What combinations of stain and wood do others feel works the best?
Thanks.


----------



## jttheclockman (Mar 7, 2017)

Staining will change the color of wood. There are all kinds of  stain. They stain wood all the time making various furniture, boxes and shelves and many other things. a pen blank is just a piece of wood. Trial an error are the only way to achieve the color you desire. No need to dye under pressure. Just turn to desired size and stain and wait till dry and then top coat. May have to seal the wood because some stains may not play well with CA. Every piece of wood will stain differently so be aware of this. Also how far up the grit ladder you go will affect stain absorbtion. Practice and play.


----------



## lorbay (Mar 7, 2017)

I stain my work all the time. Not just pens but other stuff I turn as well. You can get some pretty neat affects.  
Lin


----------



## jbg230 (Mar 7, 2017)

Well John, I knew that would be your response   I was trying to find some shortcuts, but I don't mind experimenting.  There's a lumber shop near me that sells little packets of stain for a quarter each.  I guess walking my own path is the best way to learn, so I'll let you know how it goes. 
Jake


----------



## dogcatcher (Mar 7, 2017)

Staining and dyeing wood is a long term learning experience even if you are only wanting to scratch the surface of the possibilities.  2 of the sources are the pipemakers and the American long rifle builders.  Then you have the luthiers and other musical instrument makers.  Search starburst effect for guitars.


----------



## jttheclockman (Mar 7, 2017)

jbg230 said:


> Well John, I knew that would be your response   I was trying to find some shortcuts, but I don't mind experimenting.  There's a lumber shop near me that sells little packets of stain for a quarter each.  I guess walking my own path is the best way to learn, so I'll let you know how it goes.
> Jake




The thing is a question like this is so broad and there is no definite answer. Dyeing wood and staining wood are basically the same but also different. My point was you do not need pressure to change the color of wood. As I said each piece of wood will accept the same dye or stain differently and may look different. You can mix dyes and stains to achieve different looks. You can mix stains with dyes and achieve different looks. You can take a dye or stain and dillute it and make it achieve a different look. Time left on can change the look.  Finishing is a craft in itself. It is part of woodworking that can make or break a piece that you spent lots of time making.

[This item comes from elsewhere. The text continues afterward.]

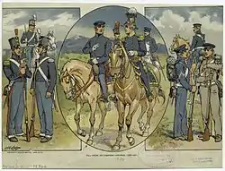 The war was fought by regiments of regulars and various regiments, battalions, and companies of volunteers from the different states of the Union as well as Americans and some Mexicans in California and New Mexico. On the West Coast, the U.S. Navy fielded a battalion of sailors, in an attempt to recapture Los Angeles.[54] Although the U.S. Army and Navy were not large at the outbreak of the war, the officers were generally well trained and the numbers of enlisted men fairly large compared to Mexico's. At the beginning of the war, the U.S. Army had eight regiments of infantry (three battalions each), four artillery regiments and three mounted regiments (two dragoons, one of mounted rifles). These regiments were supplemented by 10 new regiments (nine of infantry and one of cavalry) raised for one year of service by the act of Congress from February 11, 1847.[55] A large portion of this fighting force consisted of recent immigrants. According to Tyler V. Johnson, foreign-born men amounted to 47 percent of General Taylor's total forces. In addition to a large contingent of Irish- and German-born soldiers, nearly all European states and principalities were represented. It is estimated that the U.S. Army further included 1,500 men from British North America, including French Canadians.[56][57]

Short cuts I have none for you. sorry.

Just to touch a little more on your question, of course your lighter woods such as aspen maple of all varieties, holly pine, sap woods of many different varieties of woods,  have more appeal to change colors but you can do it also with darker woods. You can take woods like walnut and other darker woods and use wood bleach and drain some of the color out to achieve a different look. Remember if you are trying to mimic a wood species,grain is a factor to consider also.


----------



## jbg230 (Mar 7, 2017)

John, your wisdom and experience is always appreciated.  I'll now work to develop my own.  

BTW, I moved from NJ to Kansas City a few years ago.  Don't miss the tolls or traffic, but I wish I was there so I could visit with you and pick up some more pearls and inspiration. 

Thanks for setting me straight.


----------



## jttheclockman (Mar 7, 2017)

jbg230 said:


> John, your wisdom and experience is always appreciated.  I'll now work to develop my own.
> 
> BTW, I moved from NJ to Kansas City a few years ago.  Don't miss the tolls or traffic, but I wish I was there so I could visit with you and pick up some more pearls and inspiration.
> 
> Thanks for setting me straight.




Hey Jake no setting anyone straight. I just pointed out a few things. You do acquire more when you do your own experimenting. Heck I am always experimenting. I found I could take the clothes dye Rit and mix with alcohol and make all kinds of neat colors. I used those on some birdhouse ornaments made from burl maples. 

I hear you about the tolls, traffic and high taxes. That is why so many people leave this state. It is changing in many neighborhoods. Good luck.


----------



## donstephan (Mar 7, 2017)

Some woods take a dye or stain very evenly, some do not ("blotching").  Dyes are very finely ground, so fine that the color actually an penetrate into the wood.  Stains may be just pigment, or a combination of some dye and some pigment.  Pigments are larger particles that sit on top of the wood, so a drying binder is needed to keep the pigment in place - linseed oil is a very common binder.  Because they penetrate the wood, dyes do not obscure the figure and character of wood the way a dark stain, or multiple applications of a light stain, can.  Because they penetrate, a dye can be used on wood that has been planed or sanded to a very fine grip.  Because they need to be trapped on the surface until the binder dries, some stains suggest not sanding beyond 150 or 180 grit. 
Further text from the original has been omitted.